GB21を守る沼田の経済理論
アメリカ流の経済理論では、会社は株主のものというのが神聖にして犯すべからざる原理原則となっている。ところが、この原則は、市場原理主義と同様、至って恣意的な「原則」であり、欠陥の多いものであることが明らかになっている。たとえば、GMの「国有化」である。市場原理からすれば、GMは倒産して整理され、清算されるべき会社だった。しかし、オバマ大統領は政府のカネで新GMをつくり、清算を回避した。なぜか。それはGMが「社会の公器」だったからだ。会社は株主の持ち物ではないことをアメリカ人も認めざるを得なかったから、私企業であるGMにオバマ政府は公金を出し、国民もしぶしぶながら認めたのである。

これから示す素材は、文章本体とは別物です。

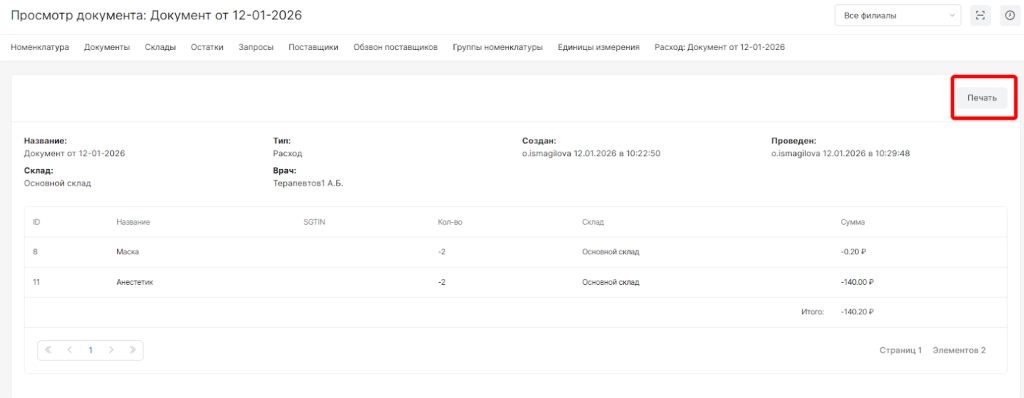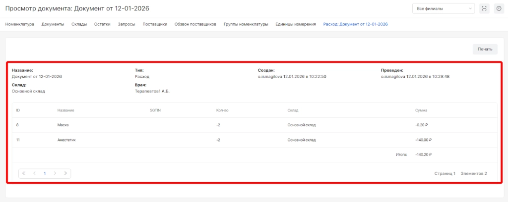 После сохранения с проведением откроется просмотр документа
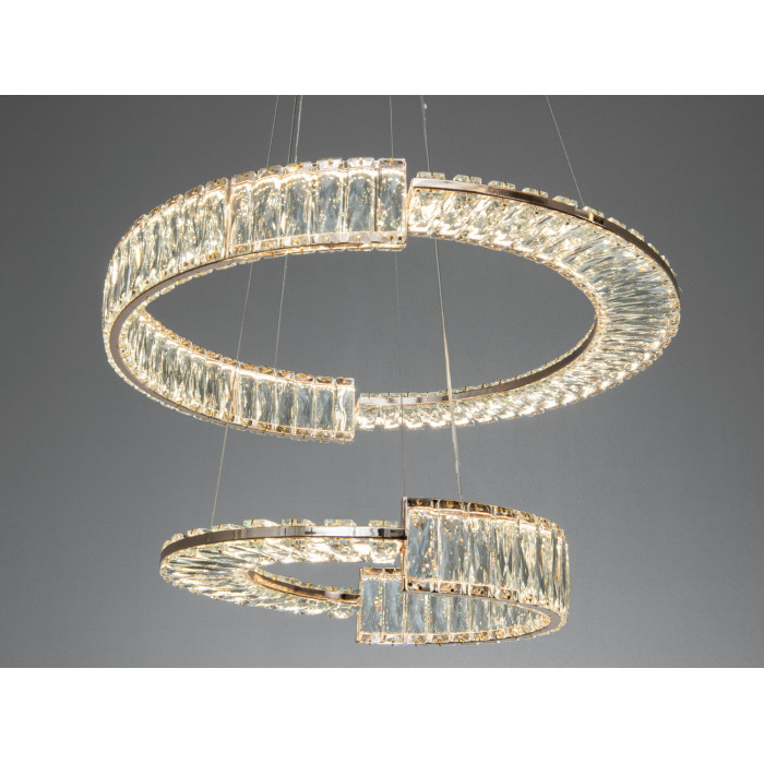 Світлодіодна підвісна люстра з двома кришталевими кільцями у теплому золотому відтінку створює виразний світловий акцент і підкреслює геометрію простору. Модель передбачає димування з пульта для плавного регулювання яскравості та зазвичай підходить для кімнат орієнтовно до 18 м² (результат залежить від висоти стелі й кольору оздоблення). Два кільця діаметром близько 60 і 40 см формують багатошарове освітлення: верхнє кільце працює як загальний світловий контур, нижнє — додає глибини та декоративних відблисків.

株式会社には「社会の公器」たる側面がある。GB21も実は沼田の公器である。(星野市長は三井生命から寄付の申し入れがあったとき、GB21が沼田の公器としてどのような役割を市民生活に果たしており、将来公器としてどのような可能性を持っているか、綿密周到に研究する義務があった。しかし、星野も部下もこのような視点から時間をかけて検討したようすはない。こんな怠慢で無能な市長を持ったことはGB21のみならず沼田市民にとって不幸なことである。)公器である、ということは、アダム・スミスの言うように経営者が「利己心」を発揮すれば神の見えざる手が働いて万事めでたしめでたし、となるという説が成り立たないかもしれないことになる。アダム・スミスの資本主義哲学を疑うことにわれわれの経済理論は出発点を置くべきなのだ。
株式会社は、株主、経営者、従業員、顧客があって初めて成り立つ。GB21だってそうだ。GB21が株主の私物ではない! 小泉純一郎、竹中平蔵の「改革」は、日本人が抱いていた会社は公器という気持ちを、旧弊な時代遅れとして弊履の如く切捨て、米国流の株主絶対の誤謬を導入した。その弊害は、派遣切りの悲惨を見れば明らかである。
営利を目的とする株式会社が公器というのは、耳慣れないかもしれない。しかし、われわれは高い公共性を持つことを会社の理想的形とつい最近まで信じていた。それは間違いではなかった。米国の会社は、エンロン、ワールドコムなど大会社が、経営者の詐欺的行為によって崩壊している。米国流が絶対ではない。
「社会の公器」であることがあきらかな振興局長のポストでさえ、市長の選挙対策という私利私欲のために使われているのが沼田の実態。株式会社が株主のものという原則ですら望むべきもありません。